╭─ Material shown

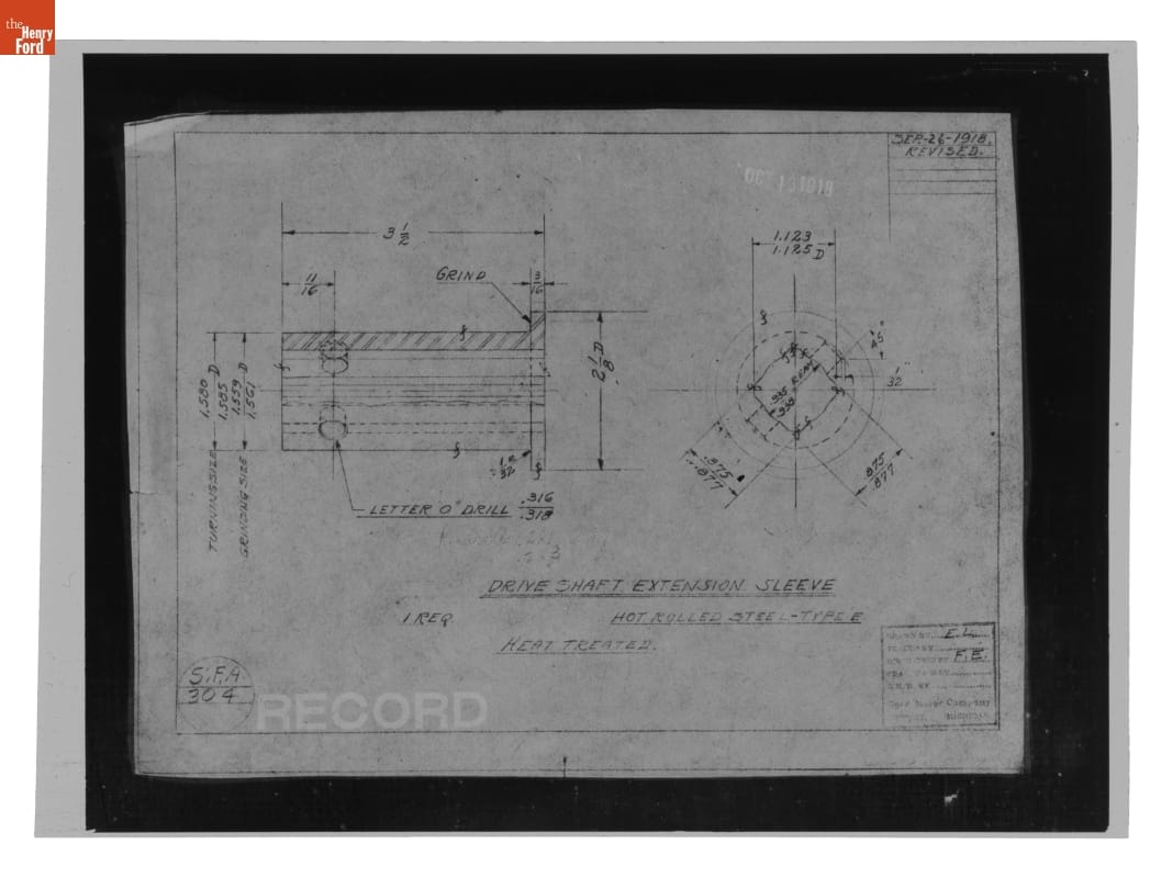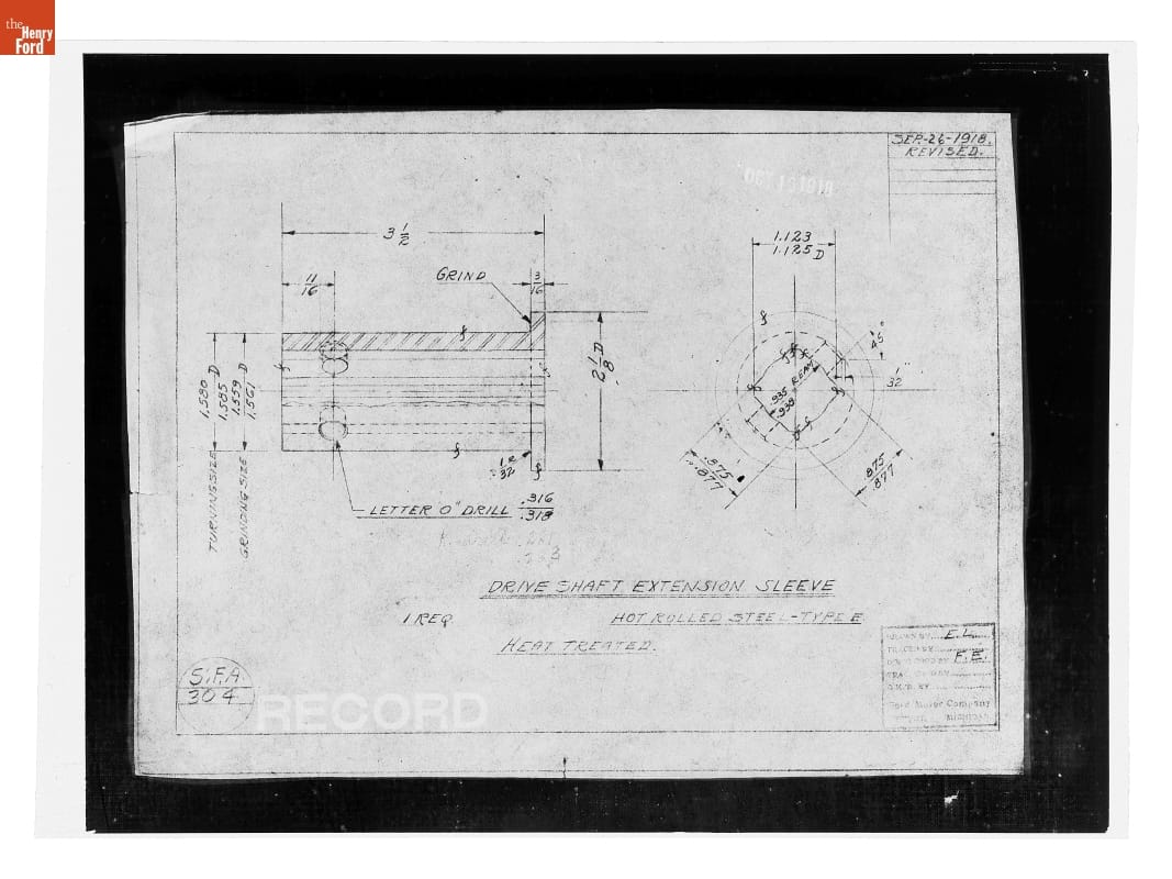 Drawing, "Drive Shaft Extension Sleeve," Ford Model T Ambulance, October 16, 1918
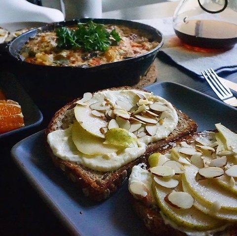 한때 오픈 샌드위치 / 토스트에 한참 빠져서 다양한 레시피를 시도해 본 적이 있는데 위에 사진은 배를 곁들인 리코타 치즈 토스트 입니다.
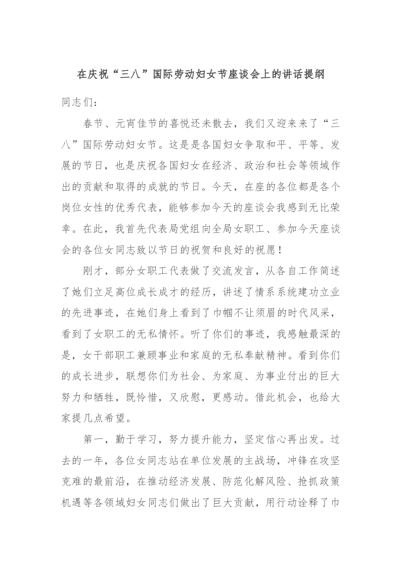 / 在庆祝“三八”国际劳动妇女节座谈会上的讲话稿提纲
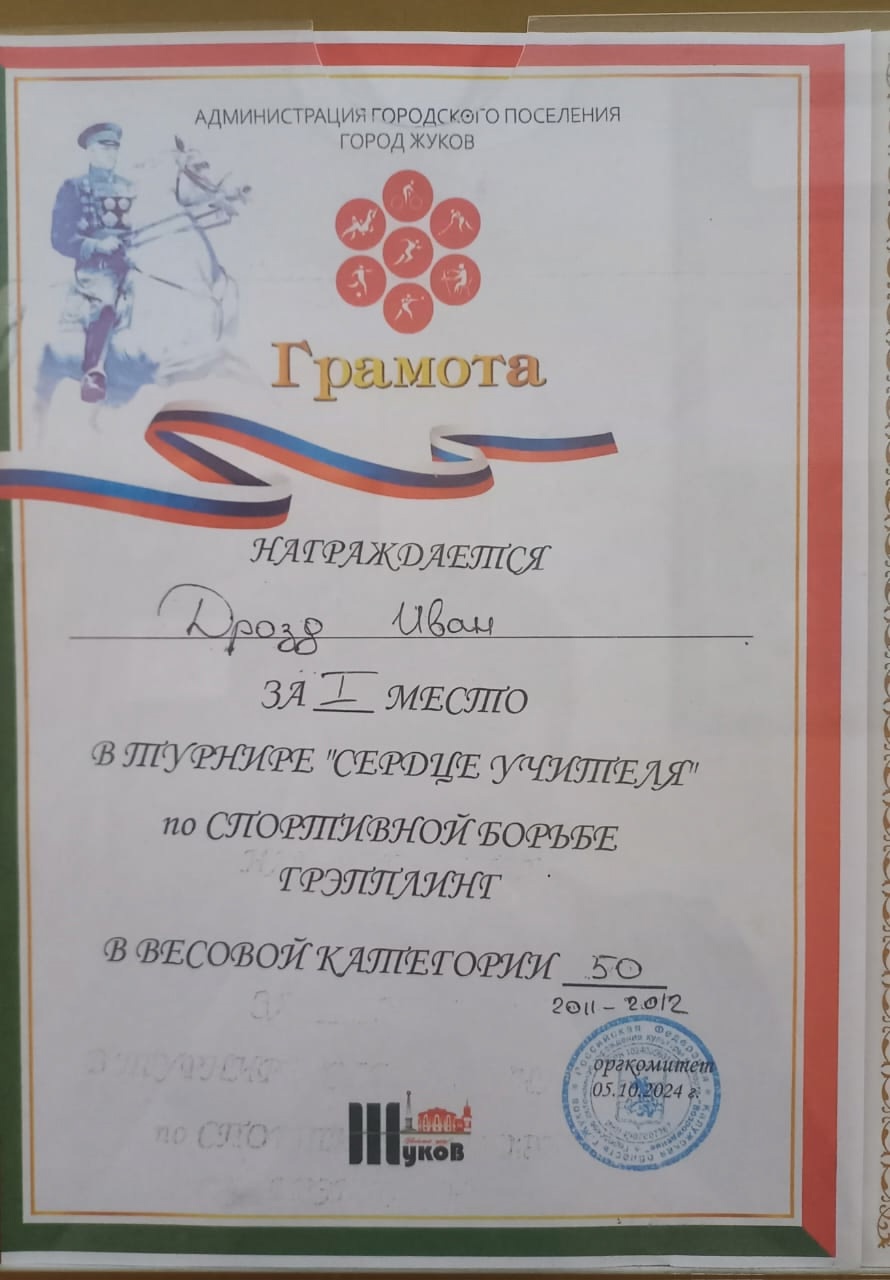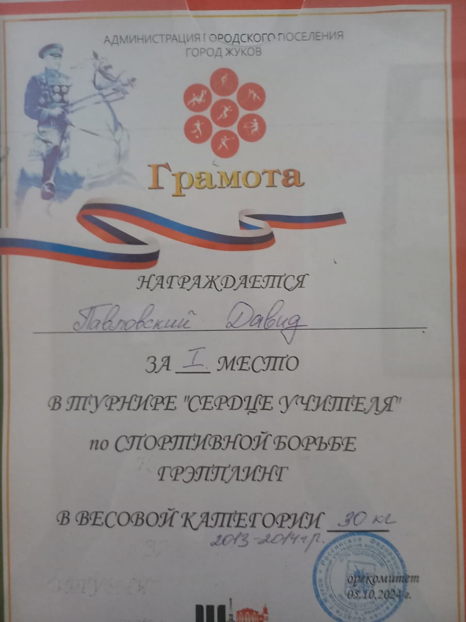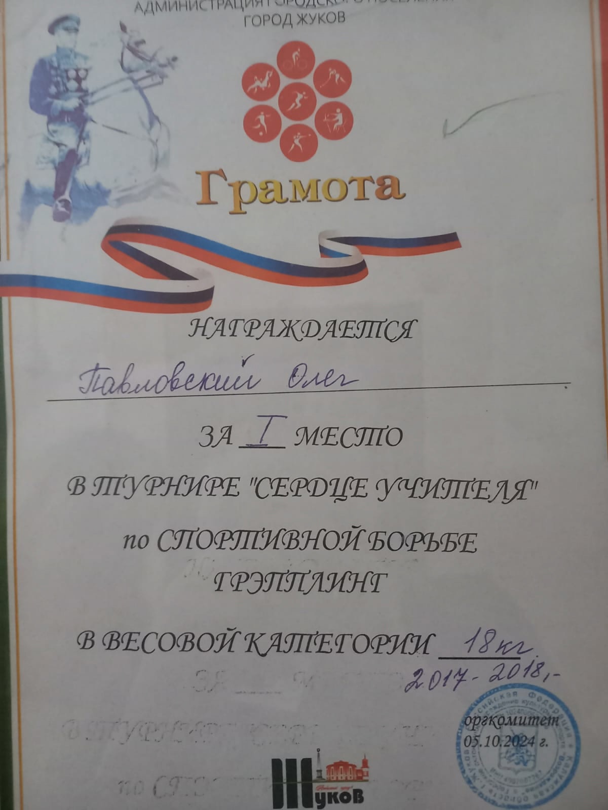 Поздравляем с победой спортивных гимназистов учащихся Козельской православной гимназии: первоклассника Павловского Олега, четвероклассника Павловского Давида и семиклассника Дрозда Ивана, которые 5 октября участвовали в турнире «Сердце учителя» по спортивной борьбе грэпплинг в городе Жукове и заняли первые места в своих весовых категориях. Конечно, победа не стала бы возможной без их учителя-тренера Павловского Олега Владимировича. Так держать, ребята! А Олегу Владимировичу желаем Божией помощи в тренерском служении и новых побед его подопечных.
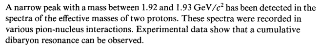 A narrow peak with a mass between 1.92 and 1.93 GeV/c2 has been detected in the spectra of the effective masses of two protons. These spectra were recorded in various pion-nucleus interactions. Experimental data show that a cumulative dibaryon resonance can be observed.
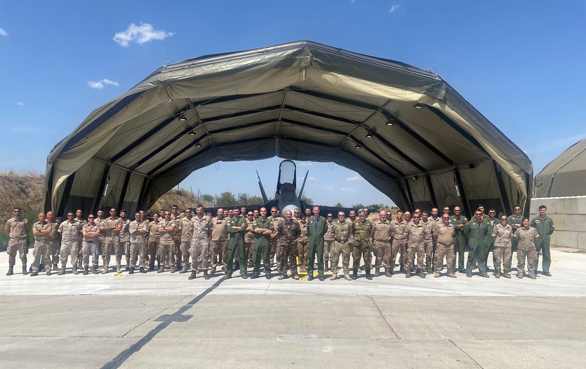 Los miembros del Destacamento “Paznic”, destacados en la base militar Mihail Kogălniceanu (Rumanía), han realizado con éxito su primer vuelo, con F-18 y C-27J Spartan, demostrando su capacidad para cumplir sus cometidos en el marco de la misión de Fortalecimiento de la Policía Aérea, eAP-66, por sus siglas en inglés.
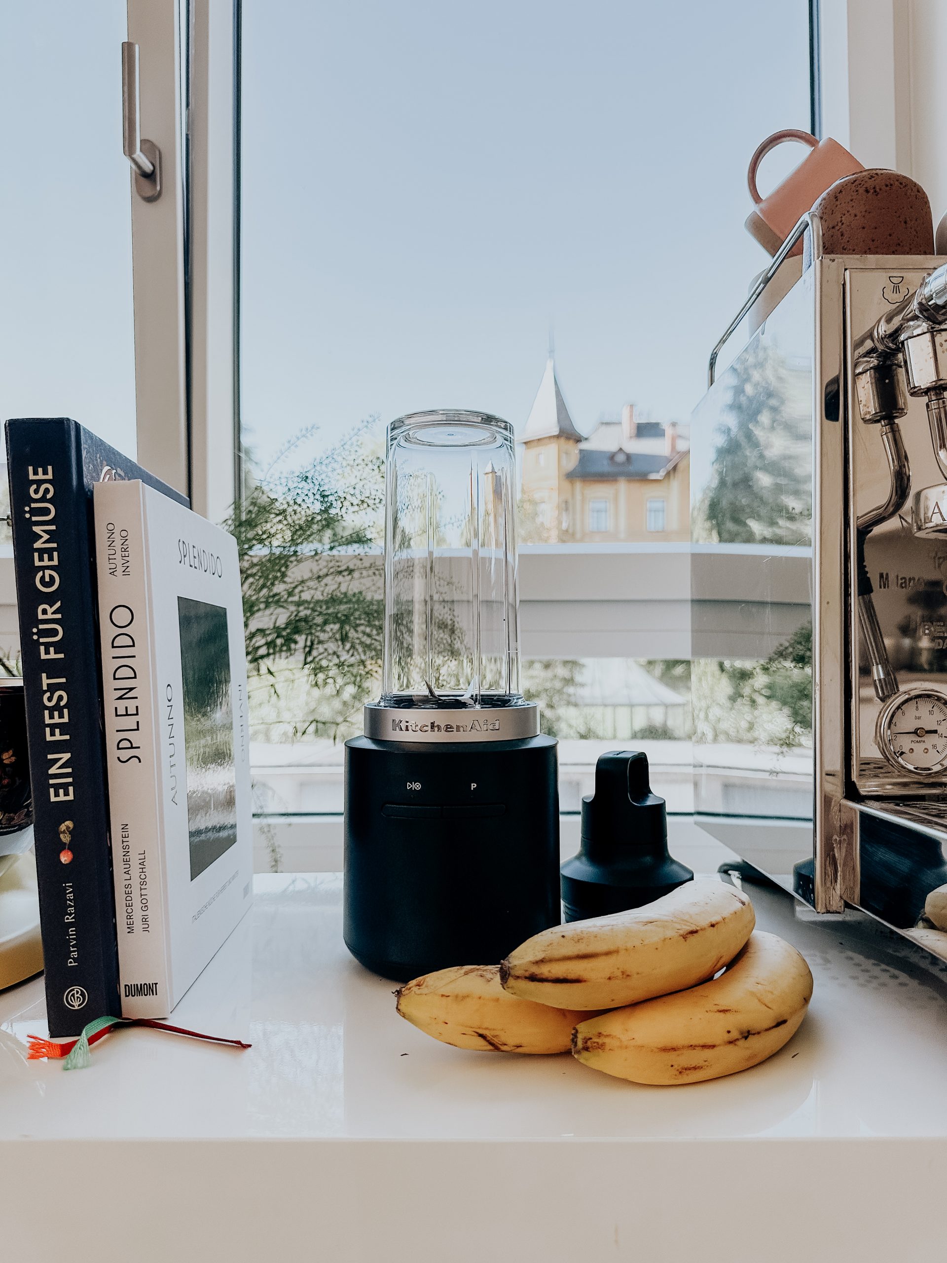 Alle Rezepte sind bewusst unkompliziert gehalten, mit Zutaten, die fast immer zuhause sind. Der KitchenAid-Mixer schafft selbst gefrorene Früchte ohne Probleme und ist schnell ausgespült – wichtig, wenn man zwischen Tür und Angel mixt und ein hungriges Kleinkind am Hosenbein hängt.
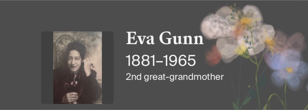 Eva was the daughter of Raburn Gunn, born about 1834 in Crawforville, Taliaferro County, GA. AncestryDNA testing results hypothesize that Raburn’s father was William N. Gunn…
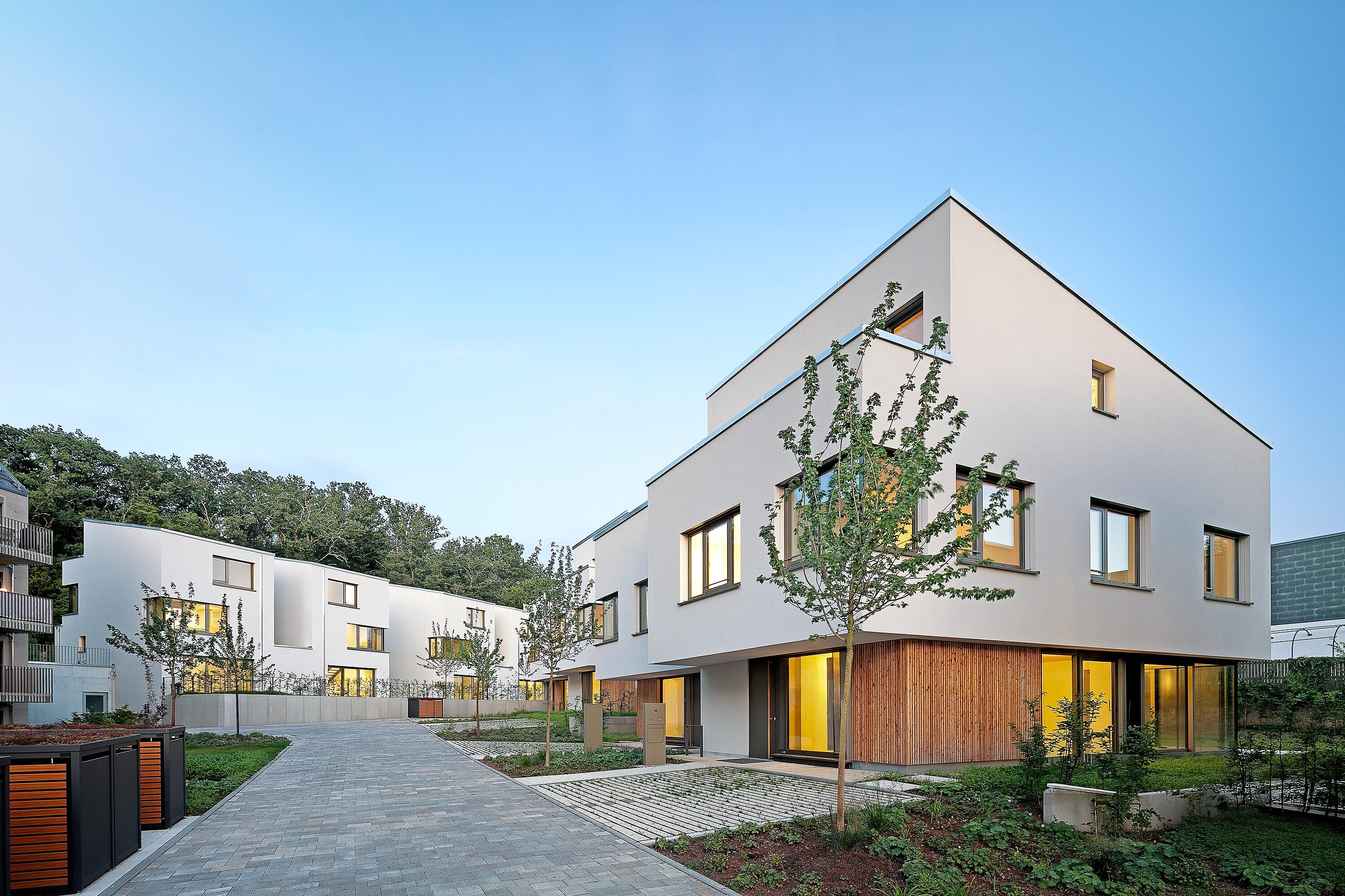 Holz prägt sowohl die Konstruktion als auch die Fassaden und schafft durch seine warmen Töne eine natürliche Verbindung zwischen Innen- und Außenraum. Terrassen, Grünflächen und eine abwechslungsreiche Bepflanzung formen ein Freiraumkonzept, das privaten Wohnkomfort mit einer lebendigen, nachbarschaftlichen Atmosphäre verbindet.
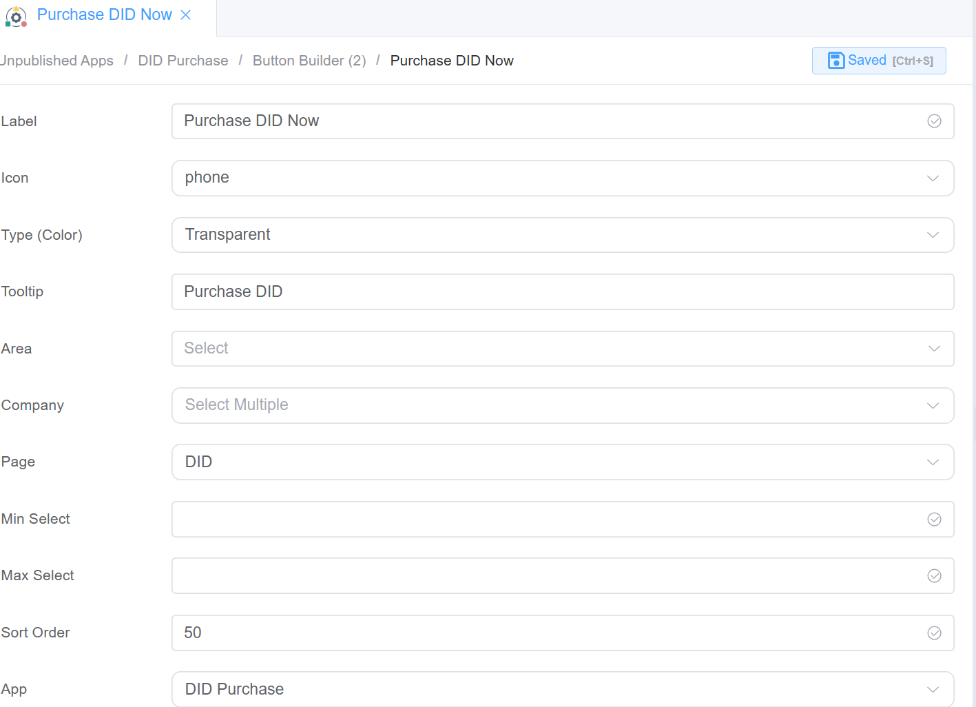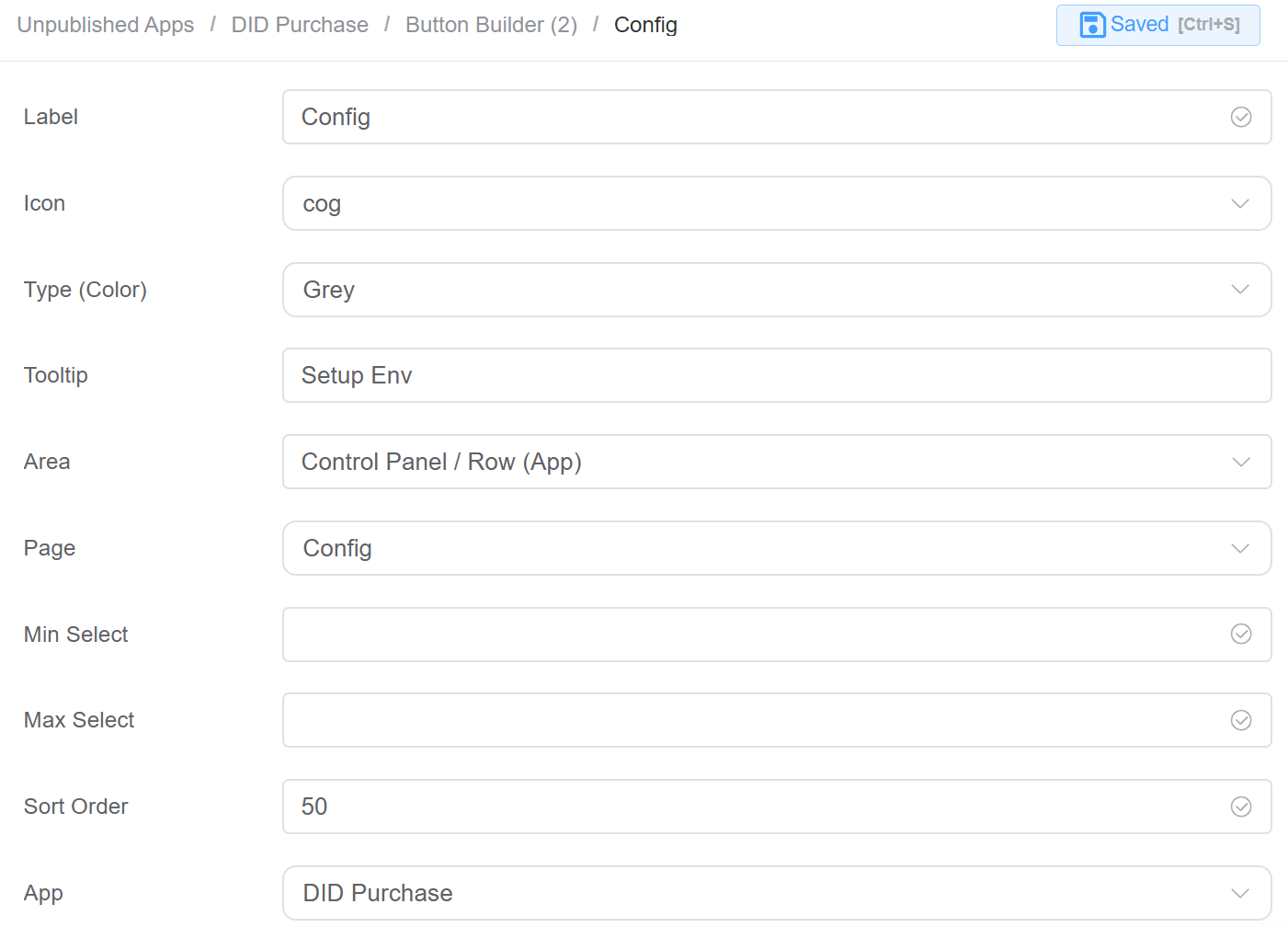 Label: The display name of the button.Icon: The icon shown alongside the button label.Type (Color): Defines the button color/style.Tooltip: A short description shown when users hover over the button.Area: Determines where the button will appear in the UI.Page: Specifies which page opens when the button is clicked.Min Select: Minimum number of items a user must select before the button becomes active.Max Select: Maximum number of items allowed for selection when using the button.Sort Order: Controls the position of the button relative to other buttons.App: Specifies which application this button belongs to.

╰─

> Your objective:
Give back exactly, and solely, the section of the data above bounded by the line containing "한때 오픈 샌드위치 /" and the line containing "Eva was the", both bounding lines included and pictures omitted.

> Response area:
 한때 오픈 샌드위치 / 토스트에 한참 빠져서 다양한 레시피를 시도해 본 적이 있는데 위에 사진은 배를 곁들인 리코타 치즈 토스트 입니다.
 / 在庆祝“三八”国际劳动妇女节座谈会上的讲话稿提纲
 Поздравляем с победой спортивных гимназистов учащихся Козельской православной гимназии: первоклассника Павловского Олега, четвероклассника Павловского Давида и семиклассника Дрозда Ивана, которые 5 октября участвовали в турнире «Сердце учителя» по спортивной борьбе грэпплинг в городе Жукове и заняли первые места в своих весовых категориях. Конечно, победа не стала бы возможной без их учителя-тренера Павловского Олега Владимировича. Так держать, ребята! А Олегу Владимировичу желаем Божией помощи в тренерском служении и новых побед его подопечных.
 A narrow peak with a mass between 1.92 and 1.93 GeV/c2 has been detected in the spectra of the effective masses of two protons. These spectra were recorded in various pion-nucleus interactions. Experimental data show that a cumulative dibaryon resonance can be observed.
 Los miembros del Destacamento “Paznic”, destacados en la base militar Mihail Kogălniceanu (Rumanía), han realizado con éxito su primer vuelo, con F-18 y C-27J Spartan, demostrando su capacidad para cumplir sus cometidos en el marco de la misión de Fortalecimiento de la Policía Aérea, eAP-66, por sus siglas en inglés.
 Alle Rezepte sind bewusst unkompliziert gehalten, mit Zutaten, die fast immer zuhause sind. Der KitchenAid-Mixer schafft selbst gefrorene Früchte ohne Probleme und ist schnell ausgespült – wichtig, wenn man zwischen Tür und Angel mixt und ein hungriges Kleinkind am Hosenbein hängt.
 Eva was the daughter of Raburn Gunn, born about 1834 in Crawforville, Taliaferro County, GA. AncestryDNA testing results hypothesize that Raburn’s father was William N. Gunn…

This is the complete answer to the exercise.